On Saturday, I went to shoot a runway show. I accidentally dropped 5D Mark II + battery grip and 70-200mm f2.8 IS II, 6 feet above the ground. As scary as it sounds, I was surprise that the camera and the lens are still fully functioning. However, the battery grip was crack and the battery door won't close. There is no sign of crack on the lens and very little scratch on he camera. I was able to use the camera to shoot the show. Are there any suggestions on what should I test the camera to see that it is still okay.

Thank you very much!


----------



## Jad (Apr 29, 2013)

I would send it into Canon for a complete camera check up if you do not plan on replacing it soon.

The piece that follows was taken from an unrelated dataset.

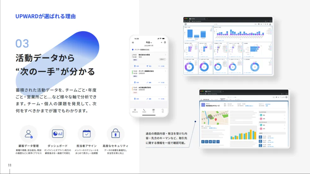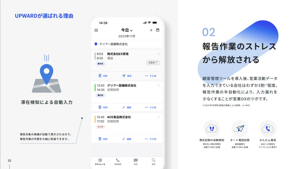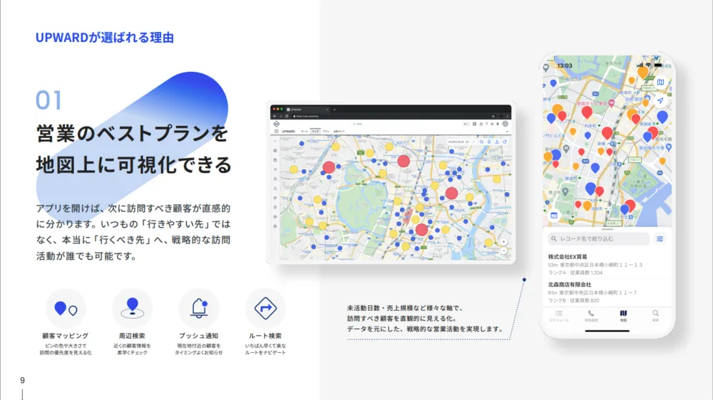 UPWARDは「とにかく現場で使いやすいSFA」という印象です。特に位置情報との連携が優れていて、営業担当が現場でアプリを開くと、近隣の訪問候補が自動で出てくる機能はかなり実用的。訪問先のログも、スマホからそのまま記録できるので、報告忘れや紙メモ→Excel転記のようなムダがなくなりました。営業企画側としても、誰がどこに訪問して何を話したかが時系列で追えるようになったので、マネジメントや戦略立案の素材としても使える情報が増えたと感じています。

As with all mistakes, they can be costly.


----------



## LShooter (Apr 29, 2013)

Do you have insurance on your gear? Some companies offer it. I would take it to a local authorized repair place just to be sure.


----------



## eing6888 (Apr 29, 2013)

My 5D mark II is still under Canon's warranty, but the 70-200mm is not. Should I send it to Canon factory service center?


----------



## Jad (Apr 29, 2013)

Absolutely, they are the best.


----------



## Tony S (Apr 29, 2013)

YOu will most likely still have to pay for any repairs though, as the warranty doesn't cover the abuse of dropping the camera and cracking body parts.


----------